Now, let me re-cast those four statements:

We have unrestricted access for anyone in the world to use arbitrary amounts of a valuable resource.

Can you think of any case where there has been a system like that, and it has worked? I can’t. The canonical example is the tragedy of the commons, but there are plenty of others, including the Cambridge ‘Green Bike’ scheme and the overfishing of cod.

In order to avoid a “tragedy of the commons” situation, we need to alter the situation so that one of the statements above is no longer true. Let’s go through them again and consider our options.

1&2: “Your attention (inbox) is a valuable resource.”

In the early days of spam, negating these statements was a viable strategy. When people were spammed, they would take action against the source of the spam. Accounts would be closed, web sites shut down, server access tightened, and so on. Basically, significant numbers of people would ensure that getting their attention inappropriately carried extremely negative value for the sender. For a while, this balanced out the positive value of the rest of the Internet-using population.

Unfortunately, that approach quickly fell apart as the Internet audience became more diverse, the volume of spam became greater, and the cost of retaliation increased. The value of getting spam into my inbox is still negative, but for every one of me there are ten drooling imbeciles who want to purchase herbal V1A]<G-R4.

3: “SMTP e-mail allows anyone to send mail.”

This is the statement almost everyone is trying to negate at the moment.

Some methods, like SPF, merely wish to put slight brakes on the system and ensure that only people who can get agreement from someone who owns a domain can set up a new e-mail system. More radical anti-spam activists mutter that if only everyone was required to use S/MIME certificates, we wouldn’t have a problem. Such proposals make it more bothersome to send e-mail, but they don’t actually negate the statement, so ultimately they will prove ineffective.

To be fair, SPF and the like would have one useful purpose, if they worked: they would prevent Joe jobs. That would be a good thing—speaking as someone who has been Joe-jobbed—but it would only impact an infinitesimal fraction of the spam messages out there.

More extreme sender-side validation for ensuring that not everyone can send e-mail, such as government-issued “e-mail licenses” that can be revoked if you spam, is just never going to fly with the average Internet user, and is politically impractical on a global Internet.

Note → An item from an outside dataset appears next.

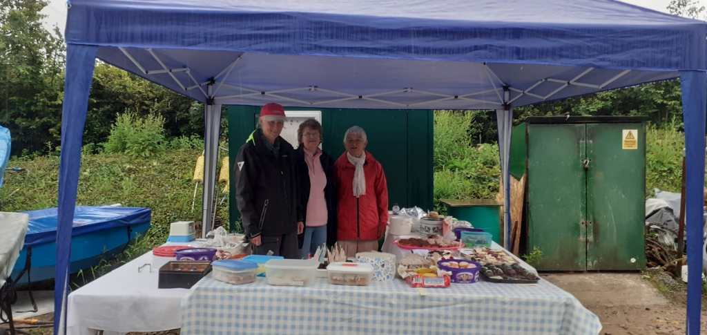 Our usual glorious riverside location for the event was abandoned in favour of shelter from wind and rain, with hasty boat park rearrangements and the loan of gazebos and an event shelter to create enough space.

Filtering and its problems

A real success in negating statement 3 would be to implement a system where only “good guys” could send mail. This is what Bayesian analysis software such as SpamAssassin and CRM114 tries to achieve. Unfortunately, there are major problems with this approach, which I will simply call “filtering”.

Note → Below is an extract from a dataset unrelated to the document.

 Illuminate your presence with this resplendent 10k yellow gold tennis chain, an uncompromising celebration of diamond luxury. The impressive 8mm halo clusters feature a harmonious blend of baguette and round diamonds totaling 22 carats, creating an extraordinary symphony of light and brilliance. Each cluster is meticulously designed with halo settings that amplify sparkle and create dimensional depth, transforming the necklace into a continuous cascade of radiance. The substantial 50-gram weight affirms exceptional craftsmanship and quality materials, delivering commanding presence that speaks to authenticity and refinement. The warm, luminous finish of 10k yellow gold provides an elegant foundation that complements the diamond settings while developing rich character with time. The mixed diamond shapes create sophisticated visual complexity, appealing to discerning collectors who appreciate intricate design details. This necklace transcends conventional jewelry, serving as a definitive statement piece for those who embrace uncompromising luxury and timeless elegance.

The first problem is that filtering only gets to stop the e-mail when it arrives at the destination server. At that point it has already wasted network bandwidth and disk space.

The second problem is that filtering is never perfect. “Never” is a strong word, so I’d better spend some time justifying it.

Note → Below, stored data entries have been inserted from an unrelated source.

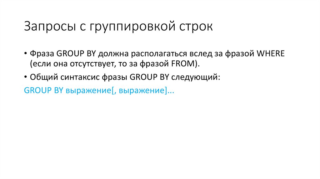 Запросы с группировкой строк• Фраза GROUP BY должна располагаться вслед за фразой WHERE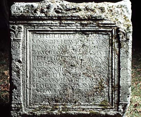 - D(is) M(anibus) // T(itus) Fl(avius) Felicio Aug(ustalis) col(oniae) Aq(uincensium) vi/vos(!) sibi et Flaviae Secun/dinae quond(am) conlibertae / et uxori quae vixit an(nos) LV et / T(ito) Fl(avio) Felicissimo quond(am) / filio naturali qui vixi(t) / ann(os) XXIII et T(ito) Fl(avio) Ingenuo / fil(io) legitimo et T(ito) Fl(avio) Felici / fil(io) naturali et Flaviae / Feliculae filiae naturali / et Flaviae Felicissimae nepti / vivis T(itus) Fl(avius) Felicio s(upra) s(criptis) et sibi f(aciendum) c(uravit)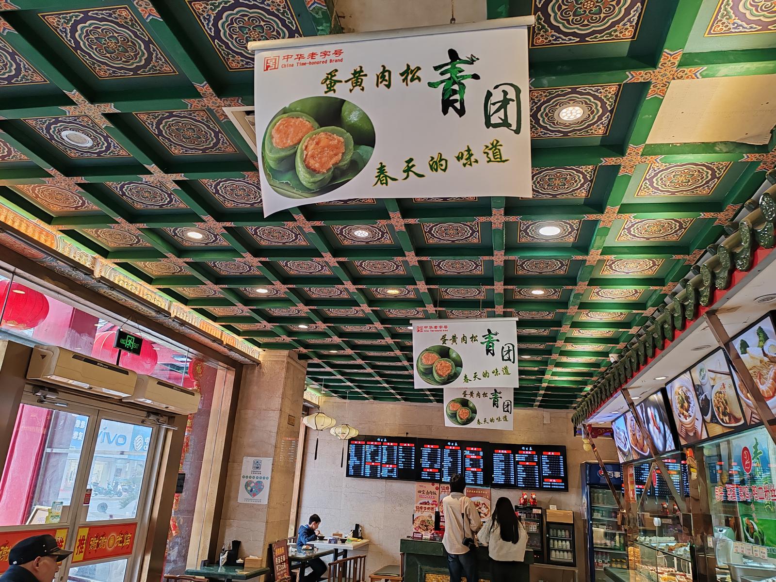 作为非遗产品和传统时令点心,四宜糕团店的青团从未令南通人失望,上汁的青色来自野菜汁液如艾蒿等,保留自然清香;制作上采用“湿磨、细筛、双高蒸制、锁水”传统技艺,使青团具有“糯、软、松、细”独特口感,再加上内馅多为清甜豆沙,搭配咸蛋黄与肉松组合,甜咸交融、沙润不腻,一口上头、春到舌尖。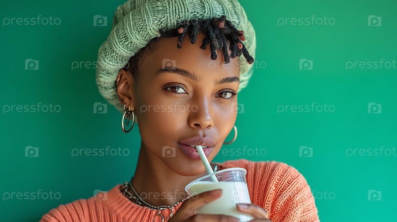 Женщина пьет напиток со сломкой, ближайший снимок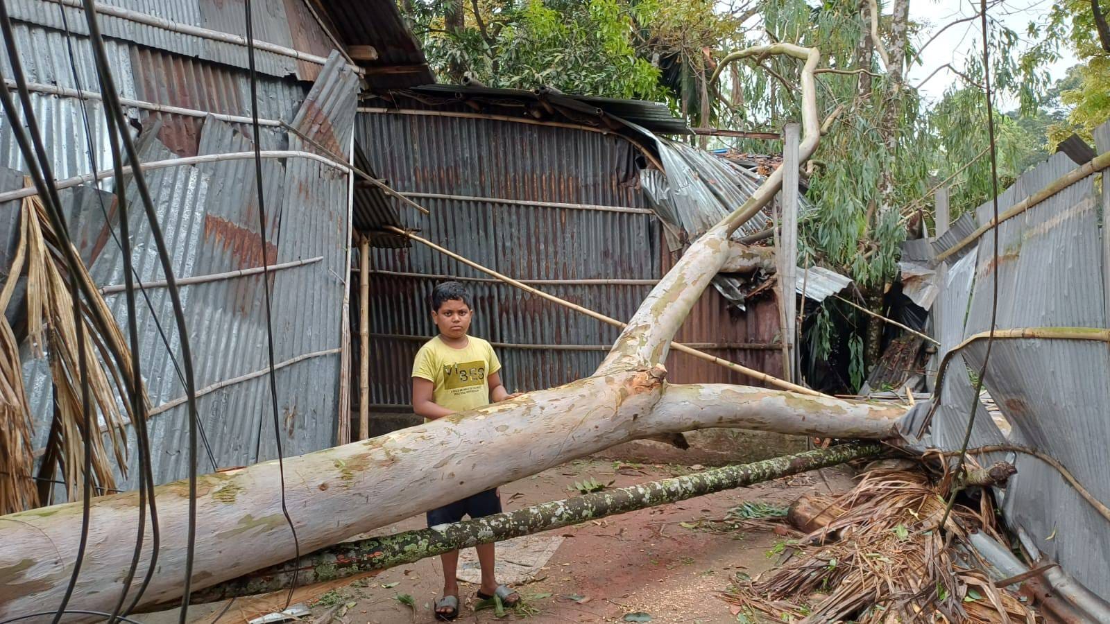 The storm also hit Atwari, Boda and Debiganj upazilas, damaging houses and standing crops, and uprooting numerous trees and electricity poles.
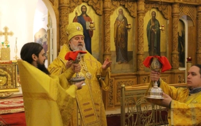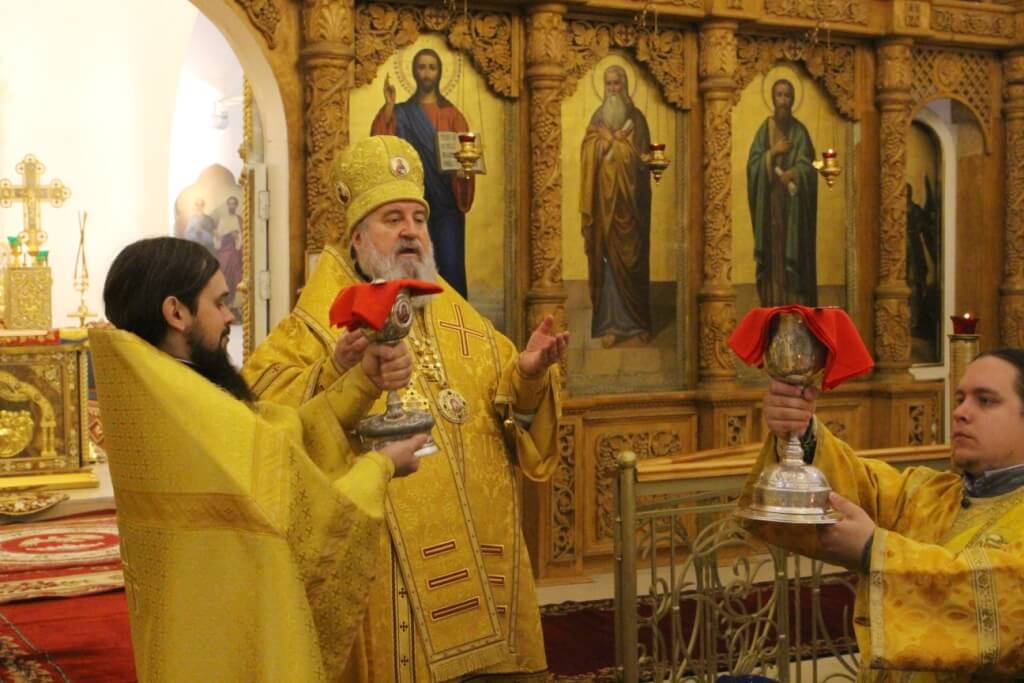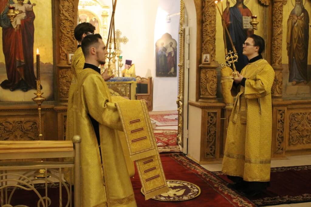 На сугубой ектении прозвучали прошения о единстве Православной Церкви и сохранении Церкви от разделений и расколов, а также прозвучали прошения возносимые во время распространения вредоносного поветрия.

Not too long ago, many businessmen had highly intelligent filtering systems which operated on all their incoming communications. They called them “secretaries”. These filters were imbued with full human intelligence, a complex understanding of natural language, and the ability to notice subtle cues. Yet in spite of their sophistication, ‘secretaries’ regularly made mistakes. They would bring messages to the boss’s attention, only to have him grumpily reply “Don’t bother me with any more of that nonsense”; or worse, they would fail to notify the boss of an important message.

My definition of spam is that it is defined on a per-user basis: spam, to person X, is whatever person X says it is. That may not seem like a useful definition, but it encompasses most of the others I’ve seen, as well as matching common usage.

While I believe that we will eventually succeed in developing artificial intelligence with human-like levels of understanding, I don’t believe it’s going to be any time soon. Even if it was, I’m doubtful that we will ever produce AI with the kind of mind-reading intelligence necessary to work out whether something is spam to me.

So in the mean time, some non-spam mail gets blocked, and some spam gets through. Which is a big problem, because if you then take into account the marginal cost of sending e-mail, and the fact that filtering only happens at the receiving system, you realize something unpleasant: a filter which is 90% effective, merely means that the senders will spew 10× as much spam. Which means bigger disks, higher capacity network links, and the amount you have to pay to get an Internet connection goes up and up.

The only thing delaying meltdown is the slow rate of deployment of effective filtering. Those of us who are on the leading edge of that technology curve have been privileged to have a mostly spam-free inbox as a result; but as the success rate of filtering on the Internet as a whole goes up, so the volume of spam goes up. Which is why spam is now the majority of all e-mail traffic, according to surveys.

So I think it’s pretty clear that filtering isn’t the solution.

Challenge/response systems

There’s another class of technology people are using to try and get to the blissful state where only “good guys” can send e-mail. They set up a system to reply to incoming e-mail with another e-mail, the “challenge”. This asks the sender to click on a URL if he’s a “good guy”. If he does, his original message is passed on.

Now, there are a ton of technical problems with this approach, ranging from it breaking mailing lists to interoperability between competing “verification” systems. There’s also the problem that we already know that spammers are criminals, so what’s to stop them lying? Plus, sending a response to incoming spam actually confirms your e-mail address to the spammer, resulting in more spam; and you have to send it with your real e-mail address, or else valid recipients won’t know it’s a valid challenge. But I’m going to ignore all those problems and point out a more fundamental one.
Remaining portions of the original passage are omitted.